- **Task brief**: Using the data below, set down every line from the one containing "Woman decorator gloved" through the one containing "ルーズに見えがちなワイドスト", inclusive and unchanged. Pictures are to be skipped.

(Stored data)

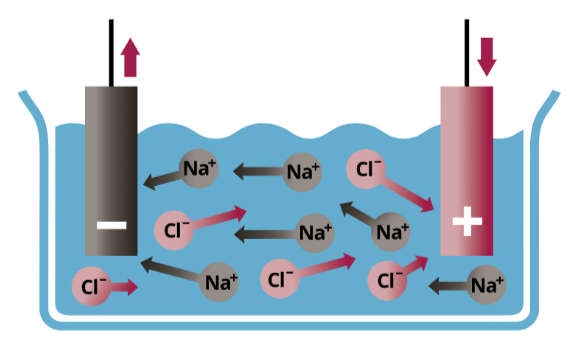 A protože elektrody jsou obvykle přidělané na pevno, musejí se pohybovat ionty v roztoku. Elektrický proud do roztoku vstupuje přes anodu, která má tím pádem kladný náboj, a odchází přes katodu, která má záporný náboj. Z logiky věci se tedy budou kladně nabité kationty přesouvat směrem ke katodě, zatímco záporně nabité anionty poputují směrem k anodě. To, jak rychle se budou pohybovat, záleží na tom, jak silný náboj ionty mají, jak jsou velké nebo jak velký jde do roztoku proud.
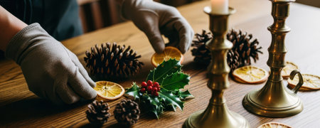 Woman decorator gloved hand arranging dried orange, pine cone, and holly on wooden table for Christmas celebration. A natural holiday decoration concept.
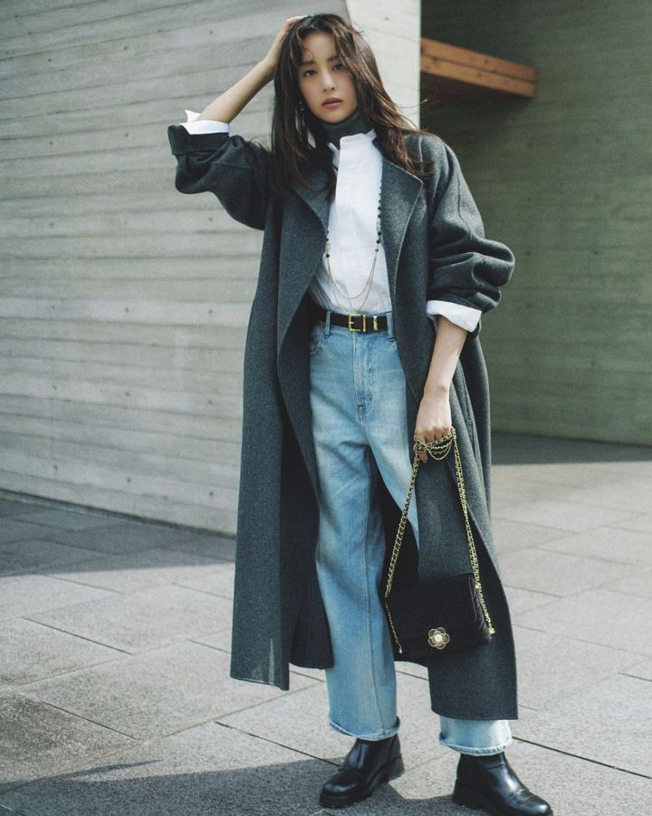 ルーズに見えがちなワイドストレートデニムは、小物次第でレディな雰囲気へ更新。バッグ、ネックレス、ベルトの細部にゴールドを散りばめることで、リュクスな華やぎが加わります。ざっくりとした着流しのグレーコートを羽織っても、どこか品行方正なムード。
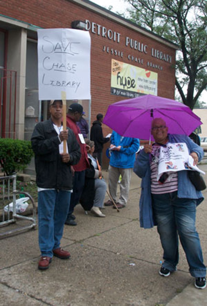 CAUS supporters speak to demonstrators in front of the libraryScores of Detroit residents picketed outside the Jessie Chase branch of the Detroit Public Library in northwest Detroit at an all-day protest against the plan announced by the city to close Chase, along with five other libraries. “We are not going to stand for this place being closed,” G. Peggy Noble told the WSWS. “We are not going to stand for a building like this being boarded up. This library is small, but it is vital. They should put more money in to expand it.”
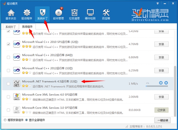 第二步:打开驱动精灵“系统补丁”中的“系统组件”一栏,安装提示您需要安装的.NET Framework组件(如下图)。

- **Output of the task**:
 Woman decorator gloved hand arranging dried orange, pine cone, and holly on wooden table for Christmas celebration. A natural holiday decoration concept.
 ルーズに見えがちなワイドストレートデニムは、小物次第でレディな雰囲気へ更新。バッグ、ネックレス、ベルトの細部にゴールドを散りばめることで、リュクスな華やぎが加わります。ざっくりとした着流しのグレーコートを羽織っても、どこか品行方正なムード。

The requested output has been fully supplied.